THE DATA ->
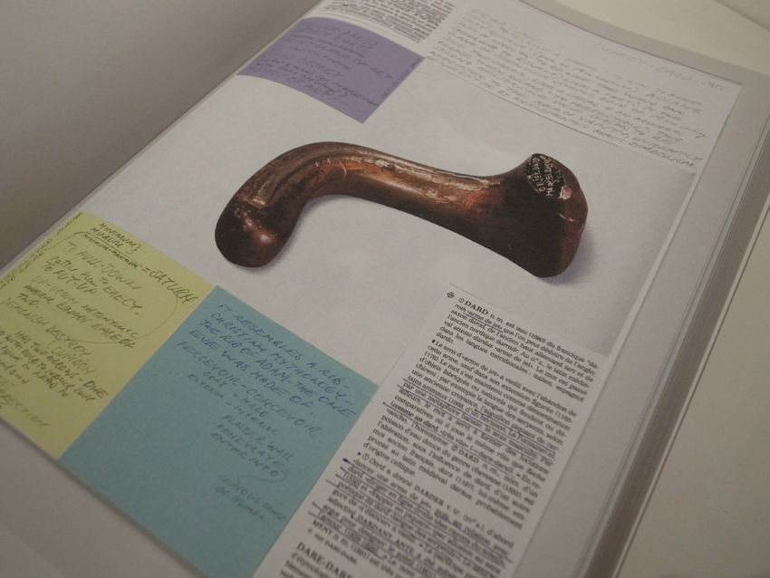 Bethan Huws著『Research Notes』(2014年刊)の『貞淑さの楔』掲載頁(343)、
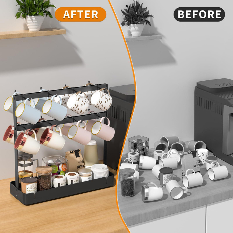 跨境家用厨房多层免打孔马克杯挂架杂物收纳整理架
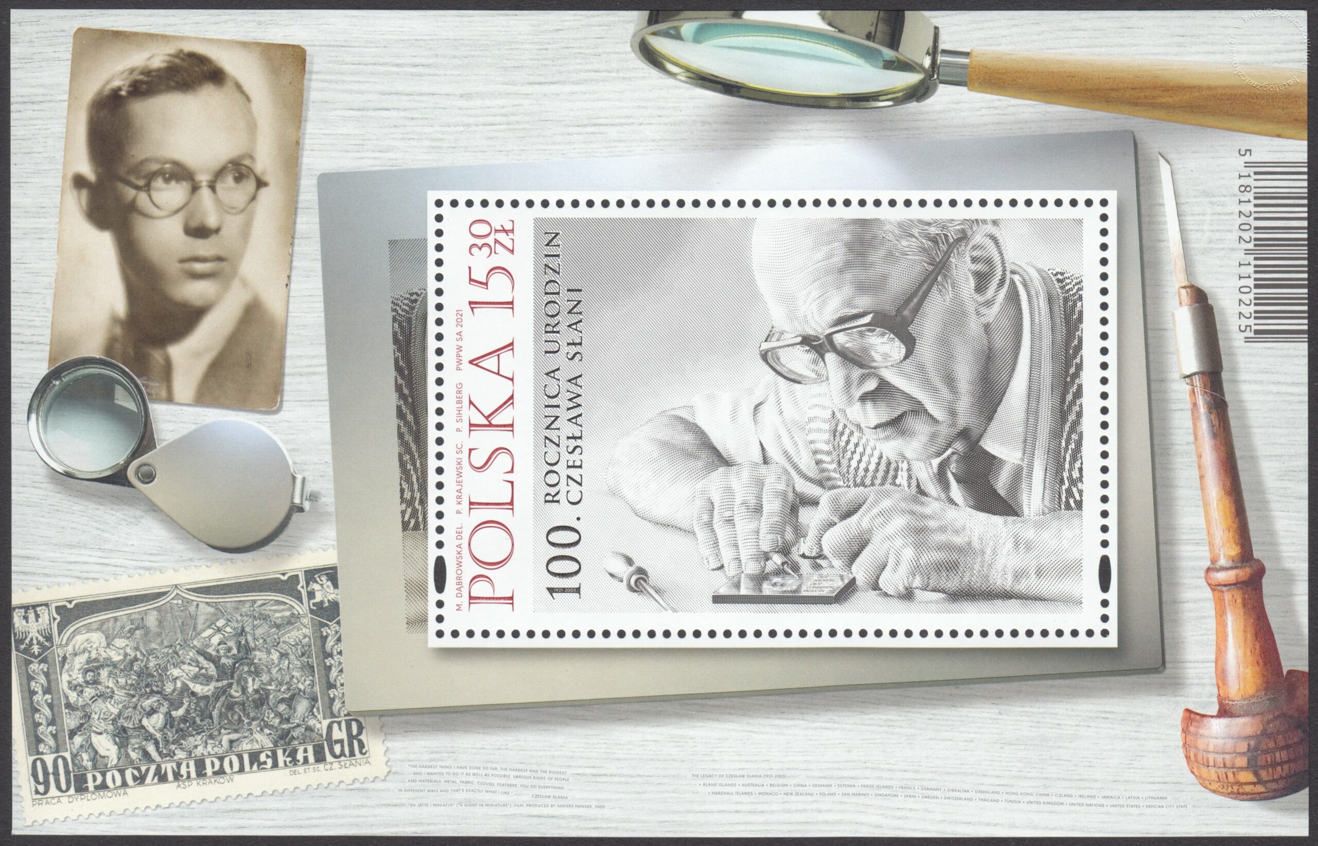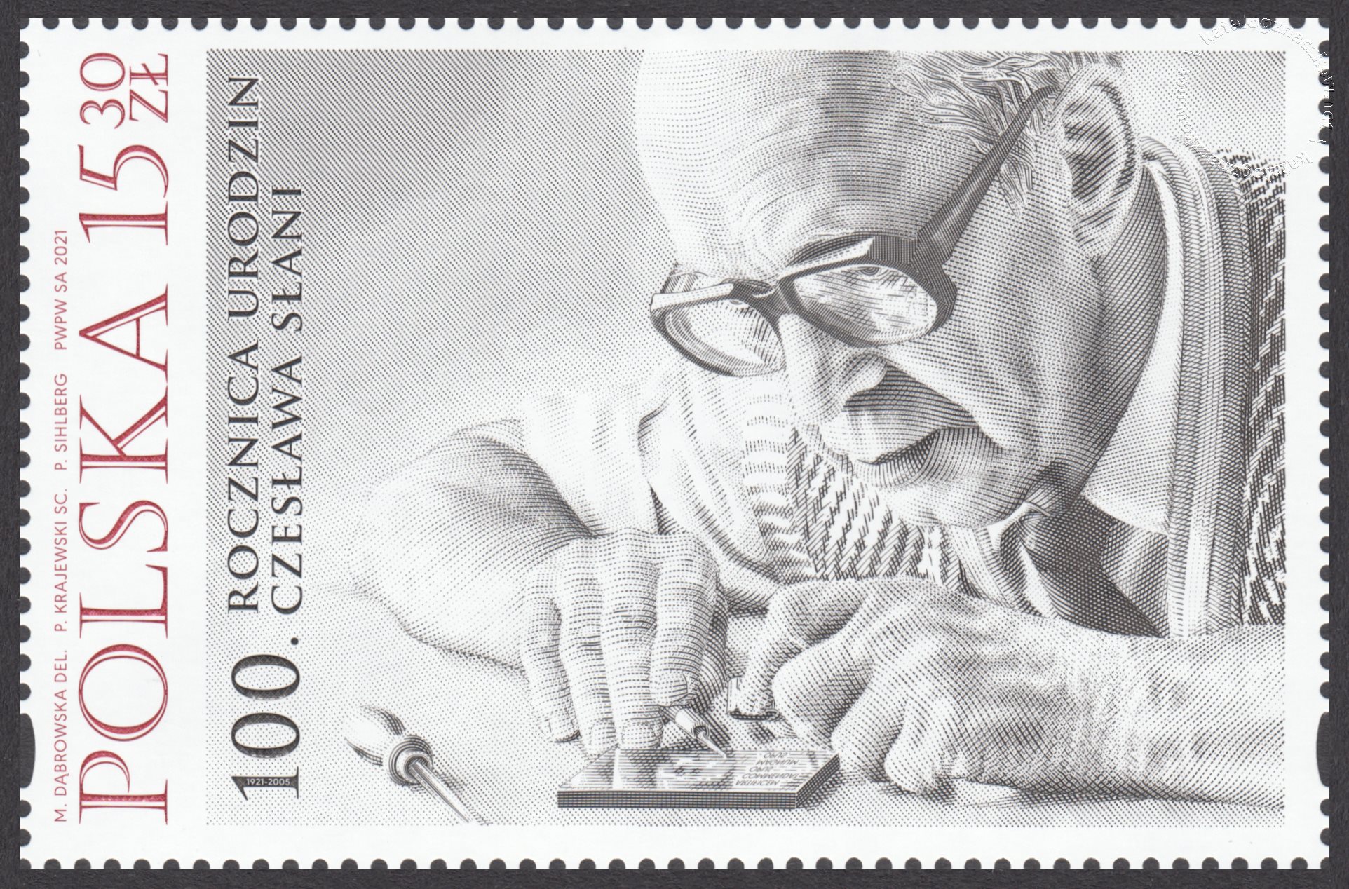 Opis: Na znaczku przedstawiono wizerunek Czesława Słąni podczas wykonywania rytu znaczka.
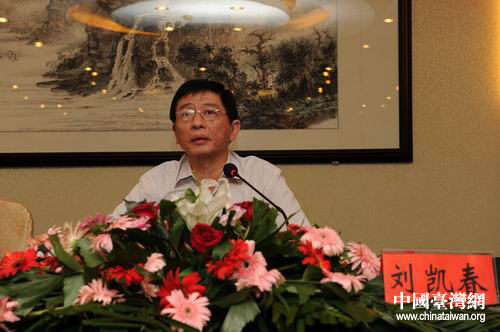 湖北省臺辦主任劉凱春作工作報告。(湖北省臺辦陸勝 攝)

TASK DESCRIPTION -> The answer should be the full material above, printed exactly, with no pictures in it.

EXERCISE ANSWER ->
 Bethan Huws著『Research Notes』(2014年刊)の『貞淑さの楔』掲載頁(343)、
 跨境家用厨房多层免打孔马克杯挂架杂物收纳整理架
 Opis: Na znaczku przedstawiono wizerunek Czesława Słąni podczas wykonywania rytu znaczka.
 湖北省臺辦主任劉凱春作工作報告。(湖北省臺辦陸勝 攝)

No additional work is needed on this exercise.